A Problem with Cost Shifters

The Equation 11 shows that as marginal cost (\(c\)) increases, price must increase. To see the exact relationship use the Implicit Function Theorem on Equation 10.

\[ \begin{array}{l} \frac{dp_j}{dc_j} = -\frac{\frac{d.}{dc_j}}{\frac{d.}{dp_j}}\\ = \frac{s_{j1}(p_j,p_{-j})}{s_{j11}(p_j,p_{-j})(p_j - c_j) + 2s_{j1}(p_j,p_{-j})} \end{array} \tag{12}\]

where \(s_{j11}\) is the second derivative with respect to \(p_j\). As \(s_{j1}(p_j,p_{-j}) < 0\) (demand slopes down), prices are increasing in costs. One of the IV assumptions holds, at least in theory. However, for all of the IV assumptions to hold we need linear demand or an equivalent assumption. That is, we need \(s_{j11}(p_j,p_{-j}) = 0\).2

\[ \begin{array}{l} \frac{dp_j}{dc_j} = \frac{s_{j1}(p_j,p_{-j})}{2s_{j1}(p_j,p_{-j})}\\ = \frac{1}{2} \end{array} \tag{13}\]

From Equation 12, this assumption gives a linear relationship between price and marginal cost.

Empirical Model of Demand

Consider a case similar to that discussed in Chapter 5. We observe a large number of “markets” \(t\) with various products in each market. In the example below, the markets are supermarkets in particular weeks, and the products are different cereals.

For simplicity assume that there are just two products. The demand for product \(j\) in time \(t\) is the following share of the market.

\[ s_{tj} = 1 - F(\mathbf{X}_{tj}' \gamma + \beta p_{tj} + \xi_{tj}) \tag{14}\]

where the share (\(s_{tj}\)) is the probability that individuals prefer product \(j\) to the alternative. The probability distribution is \(F\). Inside \(F\) is a linear index, which looks like a standard OLS regression. The matrix \(\mathbf{X}\) represents observable characteristics of the product, \(\gamma\) is a vector of preferences over those products, \(p_{tj}\) is the price of the product, \(\beta\) the preference of price and \(\xi_{tj}\) represents unobserved characteristics of the product.

This model is similar to the logit and probit models presented in Chapter 5. More formally, the model assumes that utility is quasi-linear. In this case, the assumption allows a neat trick.
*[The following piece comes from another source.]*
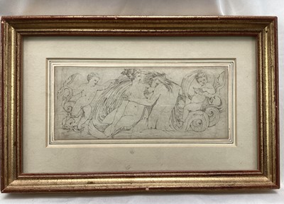 Lot 257Anthony Devis (1729-1816/17) pencil and wash, figure and dog in a landscape, signed with initial, 19 x 13cm, glazed frame

If we can invert \(F\) (and we usually can), we can write firm prices as a nice linear function of the \(X\)s.

Inverting Demand

Instead of writing demand as a function of price, we can write price as a function of demand.

\[ p_{tj} = \frac{-\mathbf{X}_{tj}'\gamma}{\beta} - \frac{\xi_{tj}}{\beta} + \frac{F^{-1}(1 - s_{tj})}{\beta} \tag{15}\]

The inversion provides a nice linear relationship between price, the index over product characteristics and the inverse of the market share. Now that things are linear we can use standard IV methods. Unfortunately, things get a lot more complicated with more choices. It is not even clear that this “inversion” is always possible (S. T. Berry, Gandhi, and Haile 2013).

In the special case of the logit demand, things are relatively straightforward (S. Berry 1994).

\[ s_{tj} = \frac{\exp(\mathbf{X}_{tj}' \gamma + \beta p_{tj} + \xi_{tj})}{1 + \sum_{k=1}^J \exp(\mathbf{X}_{tk}' \gamma + \beta p_{tk} + \xi_{tk})} \tag{16}\]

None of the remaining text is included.